Genotyping was carried out using Kaspar technology (KBiosciences, Hoddesdon, UK). The PCR was performed in a reaction volume of 4 µl containing about 10 ng of genomic DNA, a final concentration of 4× New Kaspar Reaction Mix, and 12 µM of each Kaspar primer.

The PCR assays were performed according to the manufacturer’s instructions. The genotype of each sample was determined by measuring final allele-specific fluorescence in the ABI Prism 7900 HT Detection System, using the SDS 2.3 software for allelic discrimination (Applied Biosystems, Foster City, USA).

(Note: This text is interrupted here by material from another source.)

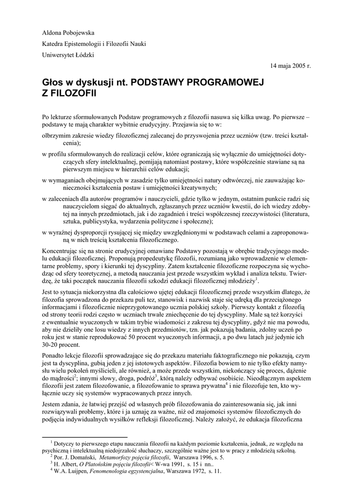 Aldona Pobojewska Katedra Epistemologii i Filozofii Nauki Uniwersytet Łódzki 14 maja 2005 r. Głos w dyskusji nt. PODSTAWY PROGRAMOWEJ Z FILOZOFII Po lekturze sformułowanych Podstaw programowych z filozofii nasuwa się kilka uwag. Po pierwsze – podstawy te mają charakter wybitnie erudycyjny. Przejawia się to w: olbrzymim zakresie wiedzy filozoficznej zalecanej do przyswojenia przez uczniów (tzw. treści kształcenia); w profilu sformułowanych do realizacji celów, które ograniczają się wyłącznie do umiejętności dotyczących sfery intelektualnej, pomijają natomiast postawy, które współcześnie stawiane są na pierwszym miejscu w hierarchii celów edukacji; w wymaganiach obejmujących w zasadzie tylko umiejętności natury odtwórczej, nie zauważając konieczności kształcenia postaw i umiejętności kreatywnych; w zaleceniach dla autorów programów i nauczycieli, gdzie tylko w jednym, ostatnim punkcie radzi się nauczycielom sięgać do aktualnych, zgłaszanych przez uczniów kwestii, do ich wiedzy zdobytej na innych przedmiotach, jak i do zagadnień i treści współczesnej rzeczywistości (literatura, sztuka, publicystyka, wydarzenia polityczne i społeczne); w wyraźnej dysproporcji rysującej się między uwzględnionymi w podstawach celami a zaproponowaną w nich treścią kształcenia filozoficznego. Koncentrując się na stronie erudycyjnej omawiane Podstawy pozostają w obrębie tradycyjnego modelu edukacji filozoficznej. Proponują propedeutykę filozofii, rozumianą jako wprowadzenie w elementarne problemy, spory i kierunki tej dyscypliny. Zatem kształcenie filozoficzne rozpoczyna się wychodząc od sfery teoretycznej, a metodą nauczania jest przede wszystkim wykład i analiza tekstu. Twierdzę, że taki początek nauczania filozofii szkodzi edukacji filozoficznej młodzieży1. Jest to sytuacja niekorzystna dla całościowo ujętej edukacji filozoficznej przede wszystkim dlatego, że filozofia sprowadzona do przekazu puli tez, stanowisk i nazwisk staje się udręką dla przeciążonego informacjami i filozoficznie nieprzygotowanego ucznia polskiej szkoły. Pierwszy kontakt z filozofią od strony teorii rodzi często w uczniach trwałe zniechęcenie do tej dyscypliny. Małe są też korzyści z ewentualnie wyuczonych w takim trybie wiadomości z zakresu tej dyscypliny, gdyż nie ma powodu, aby nie dzieliły one losu wiedzy z innych przedmiotów, tzn. jak pokazują badania, zdolny uczeń po roku jest w stanie reprodukować 50 procent wyuczonych informacji, a po dwu latach już jedynie ich 30-20 procent. Ponadto lekcje filozofii sprowadzające się do przekazu materiału faktograficznego nie pokazują, czym jest ta dyscyplina, gubią jeden z jej istotowych aspektów. Filozofia bowiem to nie tylko efekty namysłu wielu pokoleń myślicieli, ale również, a może przede wszystkim, niekończący się proces, dążenie do mądrości2; innymi słowy, droga, podróż3, którą należy odbywać osobiście. Nieodłącznym aspektem filozofii jest zatem filozofowanie, a filozofowanie to sprawa prywatna4 i nie filozofuje ten, kto wyłącznie uczy się systemów wypracowanych przez innych. Jestem zdania, że łatwiej przejść od własnych prób filozofowania do zainteresowania się, jak inni rozwiązywali problemy, które i ja uznaję za ważne, niż od znajomości systemów filozoficznych do podjęcia indywidualnych wysiłków refleksji filozoficznej. Należy założyć, że edukacja filozoficzna 1 Dotyczy to pierwszego etapu nauczania filozofii na każdym poziomie kształcenia, jednak, ze względu na psychiczną i intelektualną niedojrzałość słuchaczy, szczególnie ważne jest to w pracy z młodzieżą szkolną. 2 Por. J. Domański, Metamorfozy pojęcia filozofii, Warszawa 1996, s. 5. 3 H. Albert, O Platońskim pojęciu filozofii< W-wa 1991, s. 15 i nn.. 4 W.A. Luijpen, Fenomenologia egzystencjalna, Warszawa 1972, s. 11. nie kończy się na szkole, lecz winna być kontynuowana po jej ukończeniu, czy to w formie zorganizowanej (studia), czy samokształcenia. Zatem szkolną edukację filozoficzną należy rozpoczynać od wyrobienia w uczniach odpowiednich do tego kompetencji, na które składają się określone postawy poznawcze, umiejętności oraz motywacje. Są one rozmaite i znane od tysiącleci. Wymienię tu tylko podstawowe. Świadomość własnej niewiedzy, tj. rozpoznanie, że zdroworozsądkowa wizja świata, w której tkwimy i którą uznajemy za oczywistą, oczywista nie jest. Bez jego spełnienia tego warunku uczeń nie dostrzega sensu filozofii, a prezentowane przez nauczyciela koncepcje filozoficzne traktuje jako - oderwany od rzeczywistości, nie dotyczący słuchacza, wymysł chorej wyobraźni. Wrażliwość intelektualna i moralna, które stanowią warunek umiejętności dostrzeżenia problemów natury poza operacyjnej, należących zarówno do filozofii teoretycznej, jak i praktycznej. Zdolność stawienia siebie w sytuacji pytania. Niezbędnych jest do tego szereg kompetencji i umiejętności: umiejętność koncentracji, dociekliwość poznawcza, zaangażowanie, zdolność scalania posiadanej wiedzy i odejście od ustalonych schematów myślenia itd. Sztuka dialogu. Narzędziem filozofii nie jest wykład, narracja, czy opowiadanie, lecz swoiste myślenie i dialog. Aktywności te wzajemnie się stymulują. Nie ma dialogu bez myślenia, ale również dialog wzmaga refleksję, gdyż angażujące się w dialog osoby zmuszone są do intensywnego namysłu. Wprowadzanie do szkoły filozofii jako systemu tez oraz koncepcji, a odsunięcie na dalszy plan metodycznego wdrażania wychowanków do samodzielnego filozofowania, nie tylko zmniejsza szanse na uświadomienie uczniom specyfiki tej dyscypliny, ale zaprzepaszcza możliwość wykorzystania filozofii do realizacji podstawowych celów edukacji jako takiej, celów, które tak trudno osiągnąć w polskiej szkole. Najistotniejszy z nich upatruję w przygotowaniu ucznia do rozumienia świata i umiejęt
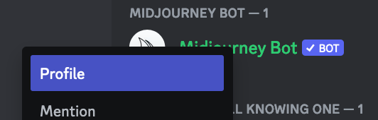 - Cerca il Midjourney bot, clicca tasto destro e seleziona "Profile".

As a quality control measure, we included one non-template sample and one sample duplicate per 96-well plate (a total of four per 384-well plate used). Genotypes were provided automatically by the software and were confirmed manually by two different laboratory personnel.

Statistical Analyses

Analyses were performed using SPSS v17 (SPSS, Chicago, IL, USA). All p-values were two-sided, and those less than 0.05 were considered statistically significant. We analysed the haplotypes using Haploview v4.2 software, we obtained χ2 values by performing a linkage case-control test as described previously [25]. Bonferroni’s correction was used as the method of adjustment for multiple comparisons. For all polymorphisms studied, Fisher's exact test was used both to test for deviations from HWE among controls, and to compare differences in the MAF distributions between cases and controls. We rejected HWE when p-values were lower than 0.0024 according to Bonferroni’s correction for 21 comparisons. In order to assess associations between genotypes, haplotypes and CM risk and between SNPs and each phenotypic characteristic, several analyses were performed. Genotype-related odds ratios (ORs), their corresponding 95% confidence intervals (CIs) and associated p-values were estimated via unconditional logistic regression. This was done for each model: genotypic, dominant and recessive. Same analyses were conducted between SNPs and each phenotypic characteristic. The power of the significant results was obtained using POWER v3.0 software (available at http://dceg.cancer.gov/tools/design/power), with the sample size of this study we are able to obtain a power of 80% as from OR value of 1.49. Odds ratios were then adjusted for known and suspected melanoma risk factors (eye, hair and skin colour, number of naevi, lentigines, and childhood sunburns) in order to assess the potential confounding effects by multivariate logistic regression We use as potential confounders all phenotypic traits that show differences between cases and controls (Table 2), however we added number of naevi and skin color in this study because both are well recognized risk factor for melanoma predisposition [26], [27].

For the second set of samples we obtained genotype-related ORs for genotypic, dominant and recessive models, their corresponding 95% CIs and associated p-values taking into account only SNPs that gave interesting results. These statistics were estimated using unconditional logistic regression.

Functional Analyses

To study the functional implications of SNPs, we used the Pupasuite3.1 software available online at http://pupasuite.bioinfo.cipf.es. We analysed all SNPs on the GC gene with a minor allele frequency higher than 0.05 provided by HapMap (a total of 40 SNPs, provided upon request). We searched for all non-synonymous SNPs, candidate transcription factor (TF) binding sites (through TRANSFAC, JASPAR and ORegAnno), low-flexibility promoter regions with a minimum length of 10 bp, highly conserved regions, splice sites created or disrupted by SNPs, and the presence of miRNA targets. Search criteria were provided at the aforementioned website.

Results

Allelic Distribution of Polymorphisms and Association with CM Risk

After applying Bonferroni’s correction, one SNP on VDR was out of HWE, rs4237855 (p-value 1.09×10−12), and was removed from further analyses. The remaining SNPs complied with HWE. We confirmed that our control population has allele frequencies similar to the HapMap_CEU or HapMap_TSI ones.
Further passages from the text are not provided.